Интересно-то с нею было очень, но и жутковато. Истерия, морфий и портвейн сделали ее одною из самых диких женщин, каких когда-либо рождало русское интеллигентное общество, при всем плачевном изобилии в нем неуравновешенных натур. Даже в женской галерее Достоевского нет такой причудливой и опасной фигуры. Подчеркиваю — опасной, — потому что изменчивое буйство ее отравленного характера никогда не позволяло даже самым близким к ней угадывать, скажем, поутру, чего от нее можно ожидать в полдень, уже и не помышляя о такой отдаленности, как вечер. А весьма значительная и разносторонняя одаренность и бурно настойчивая капризная воля облекали ее безудержные порывы в хаотическую ‘инфернальность’, весьма неразборчивую в целях и средствах. Летопись ее дружбы можно назвать международною трагикомедией знаменитостей. Кто только не был с нею приятельски близок! не переписывался, не был на ‘ты’, и кто только с нею в конце концов не поссорился!..
В.Н. Андреев-Бурлак, Эрнст Поссарт, А.Ф. Кони, знаменитый московский баритон П.А. Хохлов, М.М. Ковалевский, Жан Ришпен, Пауль Линдау, А.С. Суворин, Л. Захер-Мазох, СЮ. Витте, Т.И. Филиппов, Максимилиан Гарден, М.И. Кази, В.И. Ковалевский, СТ. Морозов: все краски и тона мешались в пестром альбоме этой российской Рахили Варнгаген или мадам Рекамье a la cabotine (в стиле актерки (фр.))!.. Кстати замечу: Эльзу за ее интимное дружество со множеством ‘интересных мужчин’ сплетня награждала несчетным количеством любовников и репутацией какой-то ненасытной Мессалины. Это неправда. Я не присягну в том, чтобы она была образцом целомудрия, но, наблюдав ее очень близко в течение почти пяти лет, беру на себя смелость утверждать, что в ее отношениях к мужчинам чувственность имела очень малое значение. Я даже назвал бы ее скорее холодной женщиной: есть — и довольно часто встречается — такая обратная форма истерии. Она вечно, непрерывно была в кого-нибудь страстно влюблена, но не влюбленностью пола, а влюбленностью дружбы. Зато, при первом же недовольстве другом, с такою же легкостью стремительно разжаловывала его в злейшие враги. Когда я узнал ее, она молилась на двух богов: на старика Суворина и на известного германского публициста Максимилиана Гардена. Но можно было лопнуть со смеха, наблюдая, как она к ним менялась изо дня в день, в зависимости от содержания писем, которые от них получала. Особенно — к Гардену. От почты до почты он то прославлялся ею как ‘гений, которому Гейне недостоин корректуру править’, то низводился в позорные звания ‘немецкого крокодила’, ‘бесчувственной тупицы’, ‘кислятины’ и т.п.

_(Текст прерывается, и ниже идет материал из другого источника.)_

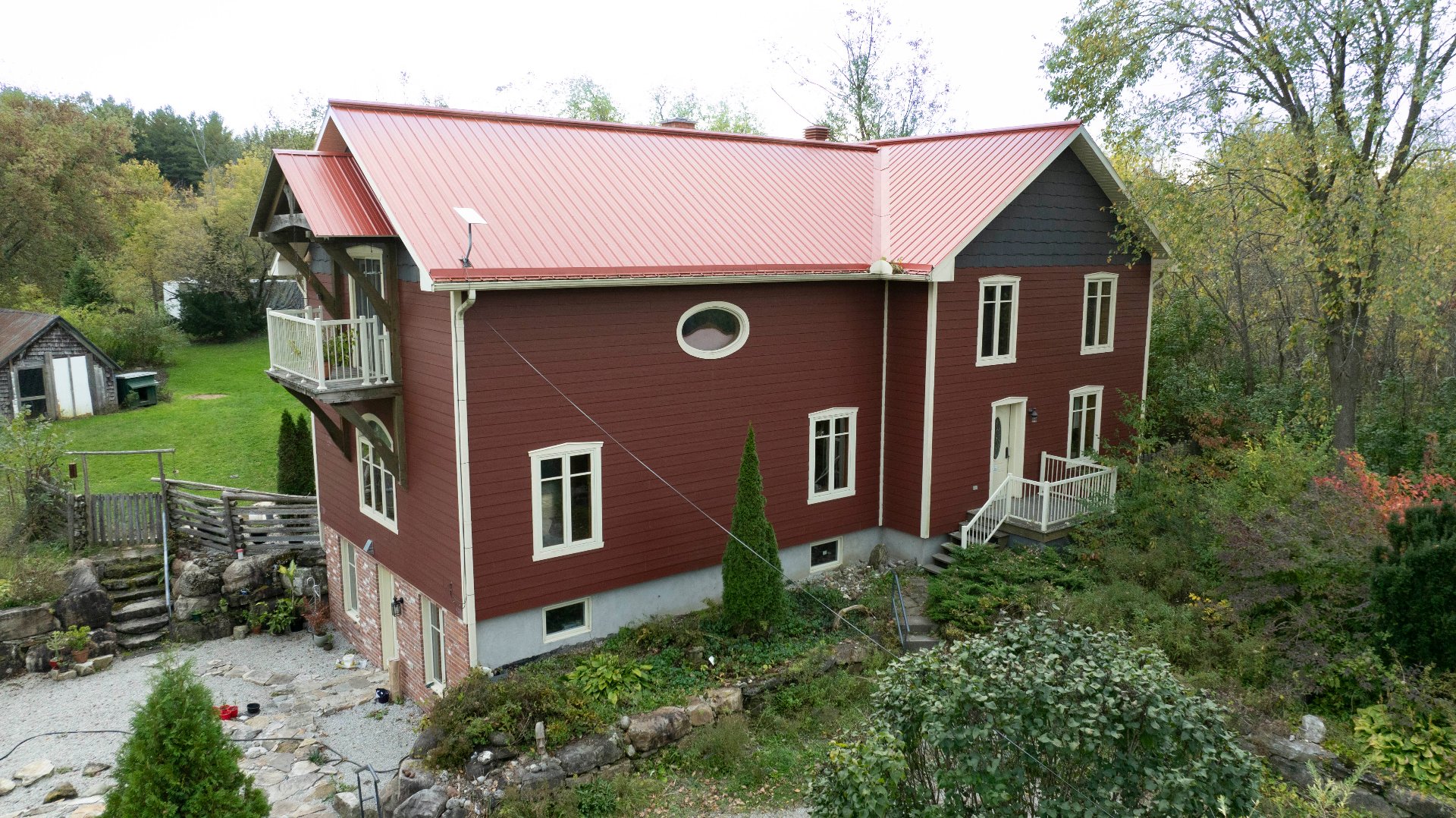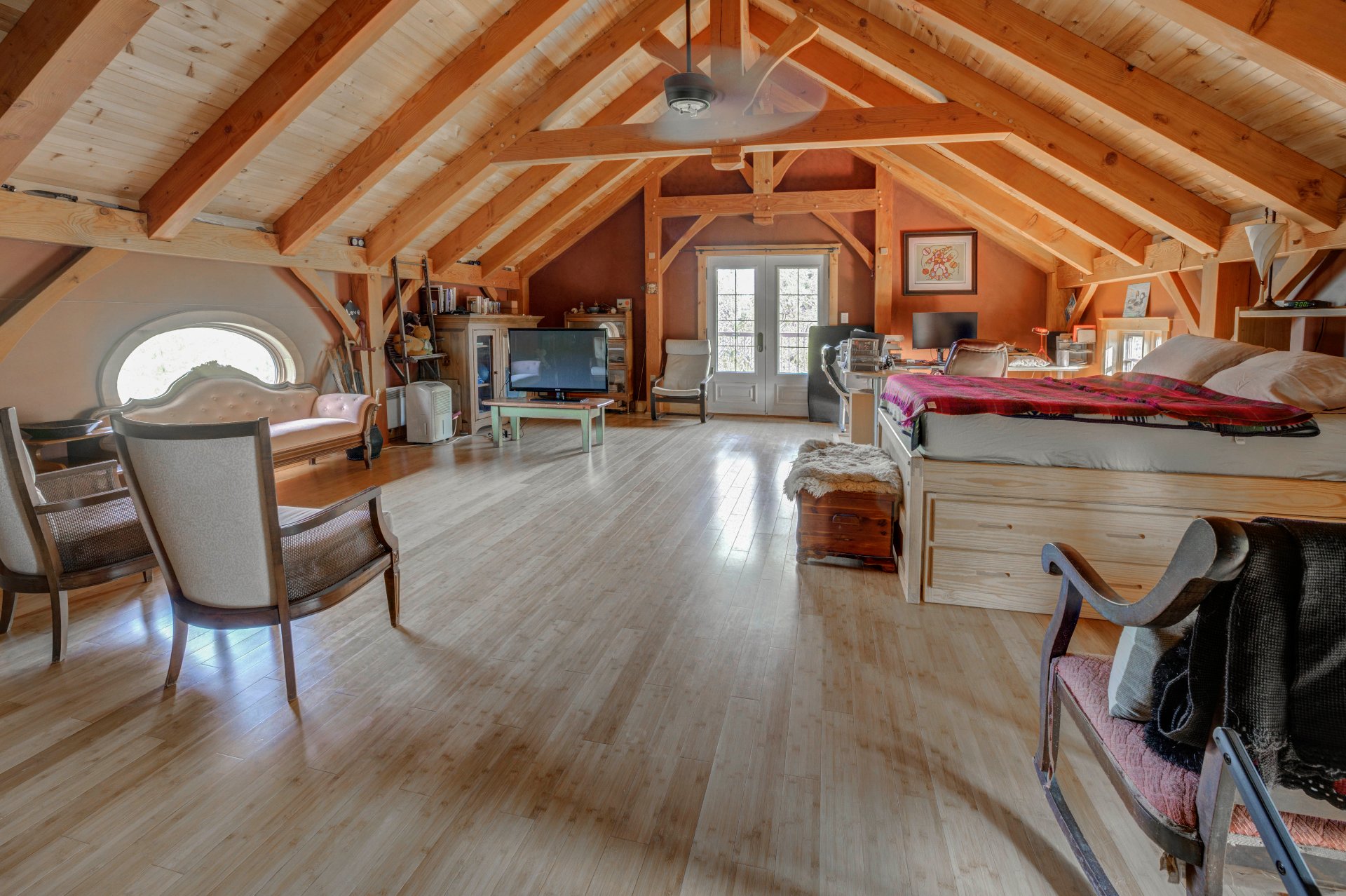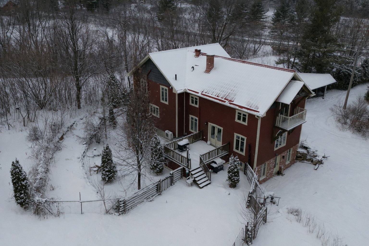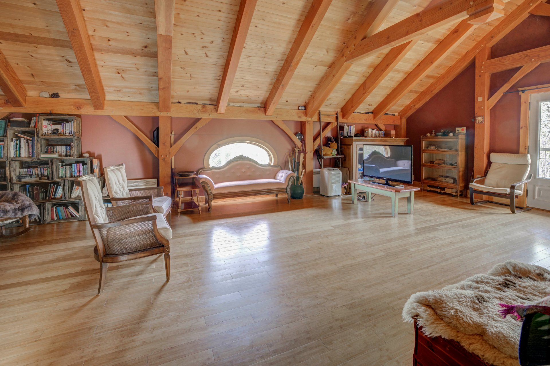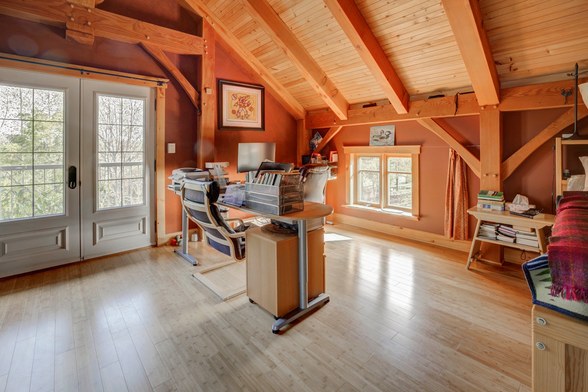 Domaine exceptionnel de 145 acres avec maison en retrait de la route pour une tranquilité absolue. La maison originale a été surélevée et a été intégrée à une nouvelle construction de type "timber frame". Poutres apparentes, plafonds cathédrale, escaliers en érable piqué massif, boiseries, foyer de masse en brique et espace de vie à aire ouverte sont tous des éléments qui donnent une ambiance chaleureuse à cette spacieuse propriété. L'immense chambre des maîtres offre de multiples possibilités d'aménagement en plus d'un accès à son propre petit balcon. Érigée à flanc de colline, le sous-sol bénéficie d'un accès au niveau du sol.

По правде сказать, отношение Эльзы к друзьям весьма напоминало богомольных самоедов, которые, когда Микола им помогает, мазнут ему губы сметаной и, когда они Миколой недовольны, секут его розгами и выбрасывают из чума на мороз. Курьезов такого рода я мог бы рассказать, как говорится, энное количество.
Дружбой Эльзы пользоваться было надежно, но тяжело, из-за ее ревнивой и подозрительной бдительности за преданностью и искренностью друзей. Истерически недоверчивая, она в дружбе только и делала, что контролировала да проверяла.
Это был постоянный экзамен взаимных обязательств — и очень требовательный, с бесконечною перепискою, выяснением недоразумений, истерическими сценами. Враг же она была жестокий. А так как и в дружбах, и враждах она была одинаково скоропалительна, то вот уже о ком благоразумный человек мог по праву сказать, пародируя ‘Горе от ума’: ‘Минуй нас пуще всех печалей и Эльзин гнев, и Эльзина любовь!’ Для друга готова хоть на плаху, забывает все свои собственные интересы, пренебрегает неприятностями и опасностями, жертвует последним своим достоянием. Но чуть почудился ей (по мании преследования) в друге ‘изменник’, она мгновенно, даже без проверки подозрения, объявляла его врагом и мгновенно же устраивала ему какую-нибудь такую гадость, какой и от настоящего заклятого врага не скоро дождешься. Я прошел через искус и дружбы ее, и вражды и могу по опыту сказать, что никто посторонний не оказывал мне столько и таких предупредительных и бескорыстных услуг, как Эльза благосклонная, и никто не осыпал меня такой беззастенчивою печатною руганью, не распространял обо мне таких ядовитых и вредных слухов, как Эльза свирепая. Середины она не знала.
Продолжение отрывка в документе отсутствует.